Molecular Partners’ lead anti-COVID-19 therapeutic candidate, ensovibep, has been administered to healthy subjects in the Company’s Phase 1 trial, with initial results showing it to be well-tolerated, with a half-life in the range of 2-3 weeks. Additionally, a single-arm Phase 2 trial with ensovibep in COVID-19 ambulatory patients was initiated in March 2021 at a single center in the Netherlands. The initial Phase 1 results have informed the decision to move forward with the EMPATHY clinical trial program, which is being conducted by our partner Novartis, with Molecular Partners as sponsor. The EMPATHY trial is a global, multi-center Phase 2 and 3 study that will seek to enroll 2,100 patients with COVID-19 in the ambulatory setting, to evaluate the safety and efficacy of ensovibep in preventing worsening symptoms and hospitalizations. In parallel, ensovibep will also be tested in hospitalized COVID-19 patients, in a new sub-trial of the National Institutes of Health’s (NIH) Accelerating COVID-19 Therapeutic Interventions and Vaccines (ACTIV-3) Program Phase 3 clinical trial.

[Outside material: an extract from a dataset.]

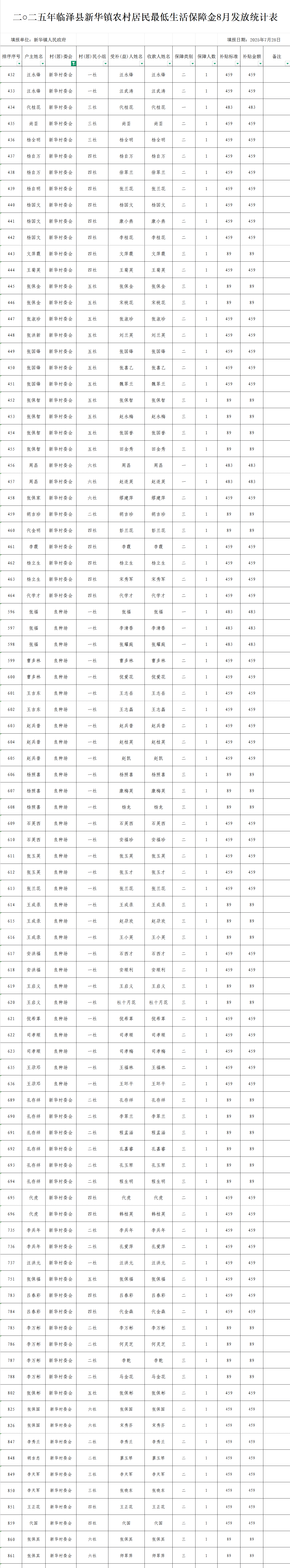 2025年临泽县新华镇新华村农村低保8月发放统计表

About Molecular Partners AG

Molecular Partners AG is a clinical-stage biotech company developing DARPin® therapeutics, a new class of custom-built protein drugs designed to address challenges current modalities cannot. The Company has formed partnerships with leading pharmaceutical companies to advance DARPin® therapeutics in the areas of ophthalmology, oncology and infectious disease, and has compounds in various stages of clinical and preclinical development across multiple therapeutic areas.

For further details, please contact:

Investors:
Seth Lewis
seth.lewis@molecularpartners.com
Tel: +1 781 420 2361

Media:
Shai Biran, Ph.D.
shai.biran@molecularpartners.com
Tel: +1 978 254 6286

Thomas Schneckenburger, European IR & Media
thomas.schneckenburger@molecularpartners.com
Tel: +41 79 407 9952

Forward-looking statements

This press release may contain certain forward-looking statements relating to the company and its business. Although the company believes its expectations are based on reasonable assumptions, all statements other than statements of historical fact included in this press release about future events are subject to (i) change without notice and (ii) factors beyond the company’s control. These statements may include, without limitation, any statements preceded by, followed by, or including words such as “target,” “believe,” “expect,” “aim,” “intend,” “may,” “anticipate,” “estimate,” “plan,” “project,” “will,” “can have,” “likely,” “should,” “would,” “could”, and other words and terms of similar meaning or the negative thereof. Forward-looking statements involve certain risks, uncertainties and other factors which could cause the actual results, financial condition, performance or achievements of the company to be materially different from those expressed or implied by such statements. Readers should therefore not place undue reliance on these statements, particularly not in connection with any contract or investment decision. Except as required by law, the company assumes no obligation to update any such forward-looking statements, or to update the reasons actual results could differ materially from those anticipated in the forward-looking statements, even if new information becomes available in the future.